=== Source material ===
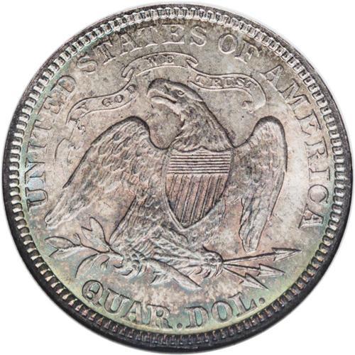 <B>1881<25C> MS66 NGC.</B></I> Orange, dove-gray, and lime iridescence embrace this satiny and unusually mark-free Premium Gem. A few of the upper left stars are soft, but the major devices are penetratingly struck. The vertical shield stripes are lightly die doubled. Only 12,000 pieces were struck. Census: 12 in 66, 8 finer (9/06).
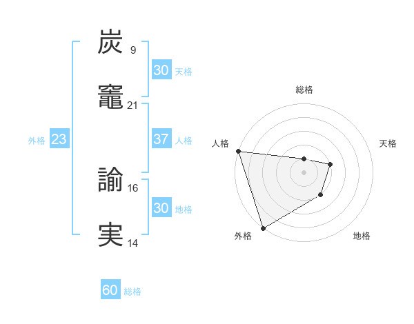 炭竈 諭実さんの総格は60画の1点!
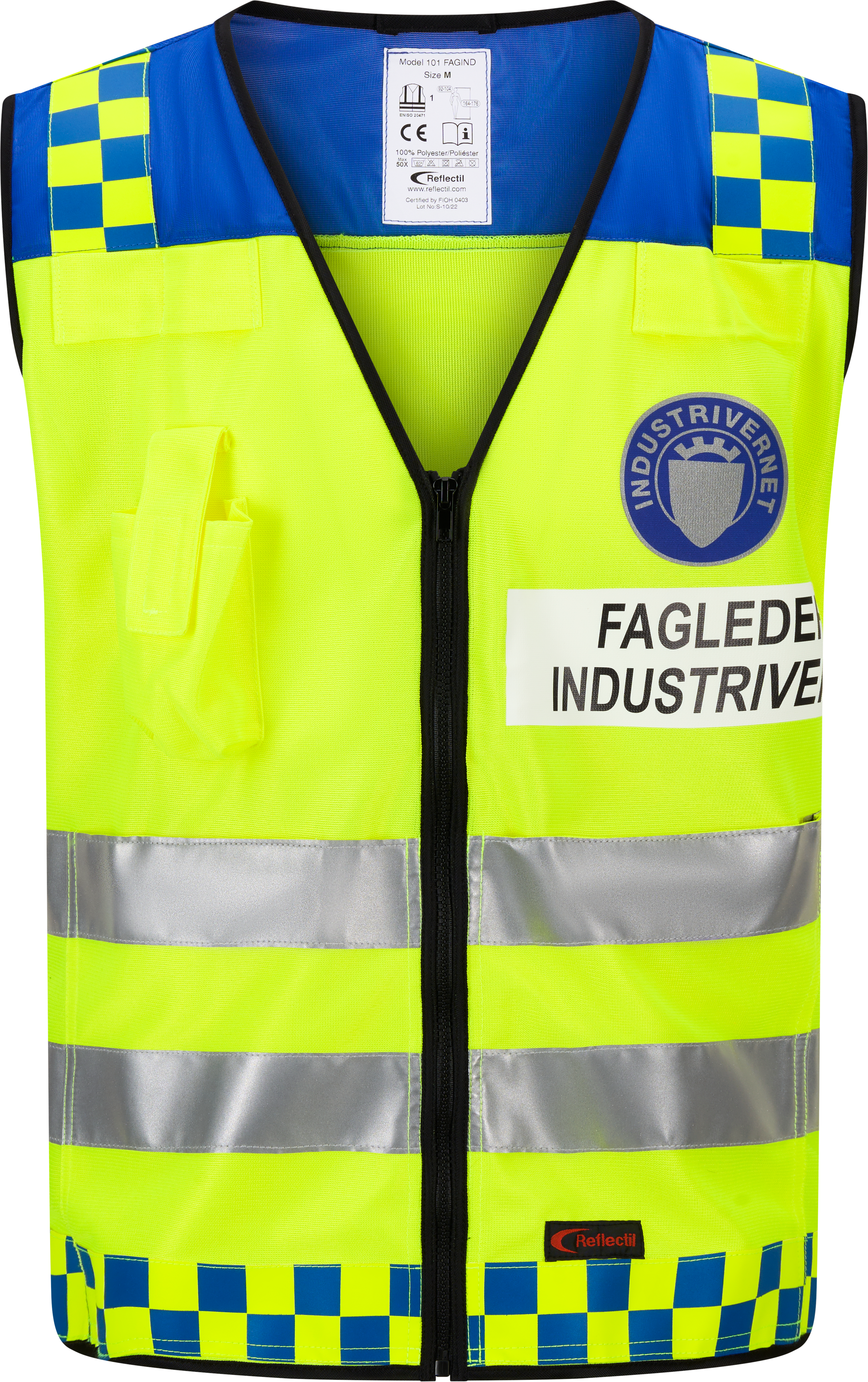 Reflecterend vest met V-hals, rits in de voorkant, één radiolus aan beide zijden, één radiozak met een kleine klep aan de rechterkant, twee voorzakken met verborgen opening onder het reflecterende paneel, één grijs reflecterend paneel en één blauw met geel geruit reflecterend paneel rondom de romp, logo op borst en rug.
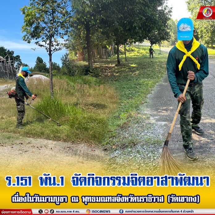 🚒 R.151 Battalion 1 organizes a volunteer development activity on the occasion of Magha Puja Day at the Buddhist Monument in Narathiwat Province (Wat Khao Kong).
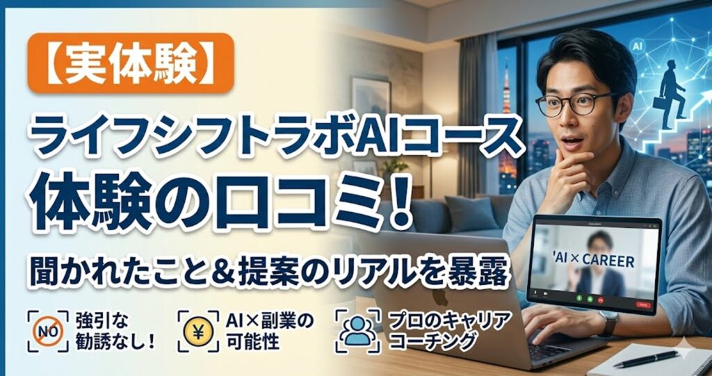 「ライフシフトラボのAIコースって、体験(無料相談)ではどんなことを聞かれるの?」「口コミを見ると『40代・50代向け』って書いてあるけど、30代の自分が受けても浮かない?」「受講料が高いって噂だけど、強引に勧誘されないか不安……」 そんな風に、ラ... -
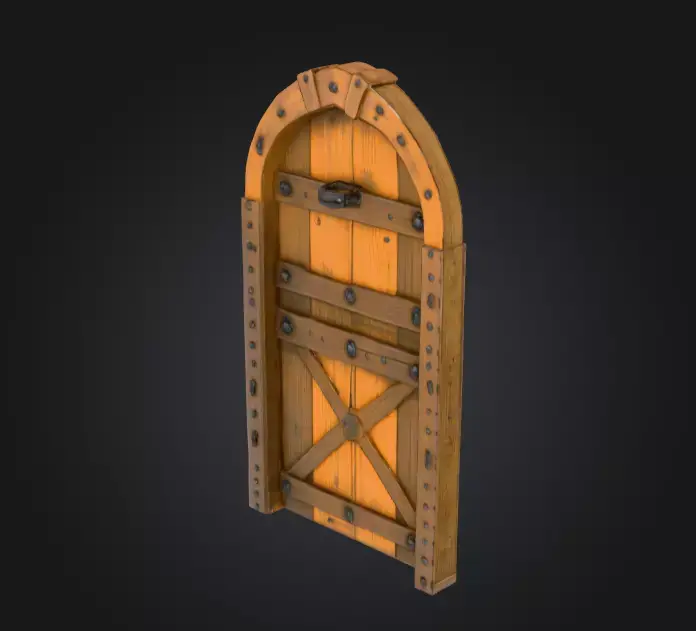 The Medieval Wooden Door is a game-ready 3D model designed to authentically represent European doors from the 12th–15th century while maintaining optimized performance for GameGuru and similar engines. Crafted from sturdy oak panels, the door is reinforced with iron bands and rivets, showcasing a rugged medieval aesthetic that is both practical and visually immersive.
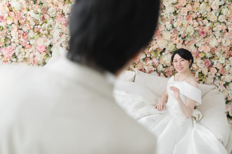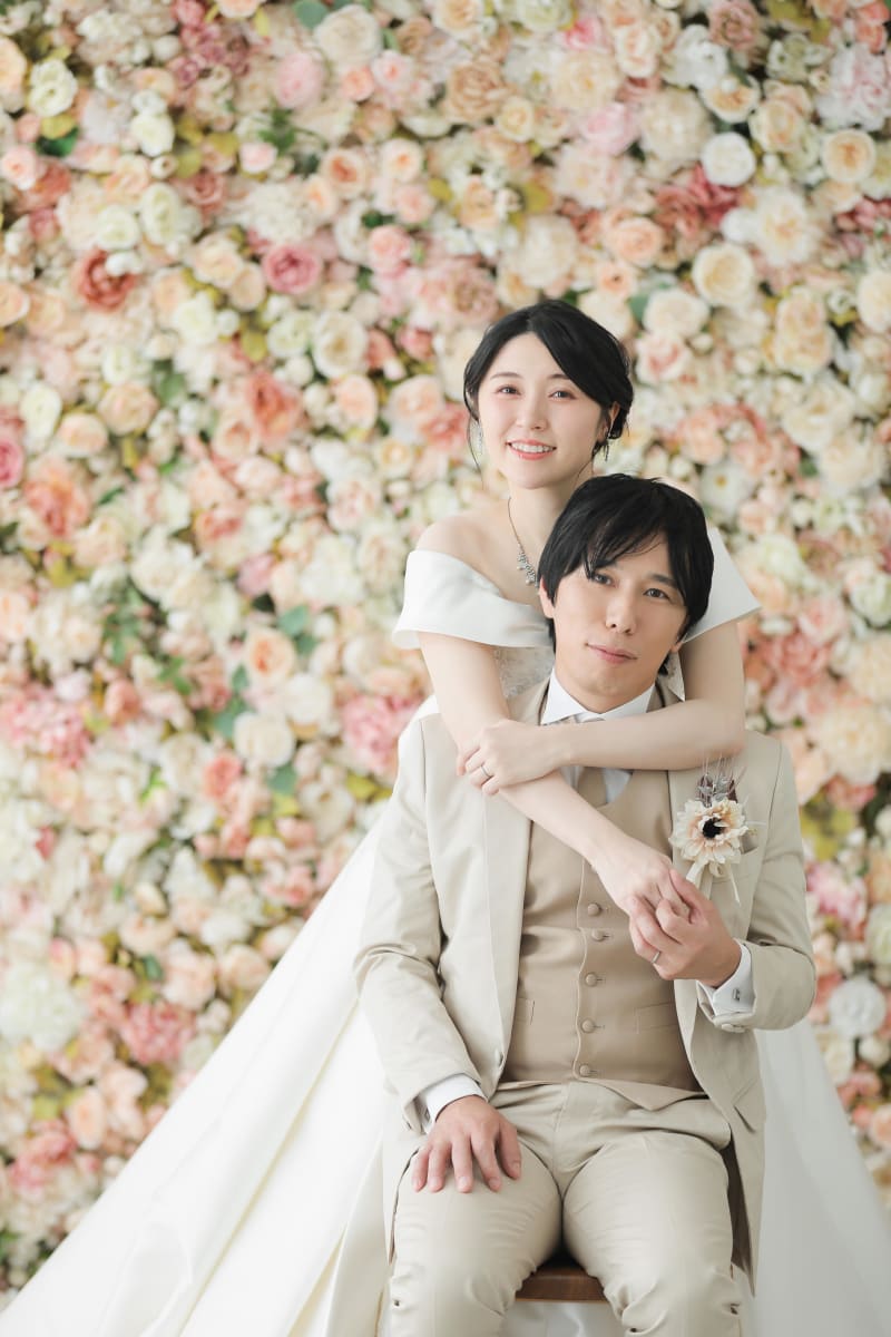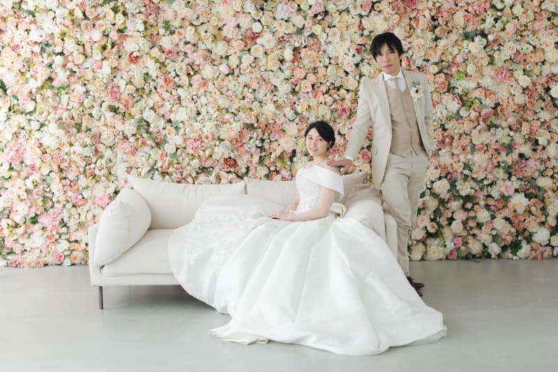 一面がお花で敷き詰められたフラワーウォールでの撮影も可能です! お二人の好きな背景を選んでお写真を残しましょう!
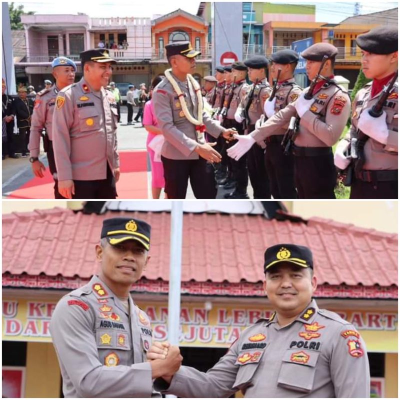 AKBP Agus Bahari kemudian di sambut oleh AKBP Reinhard Nainggolan
===
## Exercise description
If a picture appears among the records, leave it out, and otherwise reproduce exactly every line from the first line through the one with "一面がお花で敷き詰められたフ", both included.

## Exercise output
 <B>1881<25C> MS66 NGC.</B></I> Orange, dove-gray, and lime iridescence embrace this satiny and unusually mark-free Premium Gem. A few of the upper left stars are soft, but the major devices are penetratingly struck. The vertical shield stripes are lightly die doubled. Only 12,000 pieces were struck. Census: 12 in 66, 8 finer (9/06).
 炭竈 諭実さんの総格は60画の1点!
 Reflecterend vest met V-hals, rits in de voorkant, één radiolus aan beide zijden, één radiozak met een kleine klep aan de rechterkant, twee voorzakken met verborgen opening onder het reflecterende paneel, één grijs reflecterend paneel en één blauw met geel geruit reflecterend paneel rondom de romp, logo op borst en rug.
 🚒 R.151 Battalion 1 organizes a volunteer development activity on the occasion of Magha Puja Day at the Buddhist Monument in Narathiwat Province (Wat Khao Kong).
 「ライフシフトラボのAIコースって、体験(無料相談)ではどんなことを聞かれるの?」「口コミを見ると『40代・50代向け』って書いてあるけど、30代の自分が受けても浮かない?」「受講料が高いって噂だけど、強引に勧誘されないか不安……」 そんな風に、ラ... -
 The Medieval Wooden Door is a game-ready 3D model designed to authentically represent European doors from the 12th–15th century while maintaining optimized performance for GameGuru and similar engines. Crafted from sturdy oak panels, the door is reinforced with iron bands and rivets, showcasing a rugged medieval aesthetic that is both practical and visually immersive.
 一面がお花で敷き詰められたフラワーウォールでの撮影も可能です! お二人の好きな背景を選んでお写真を残しましょう!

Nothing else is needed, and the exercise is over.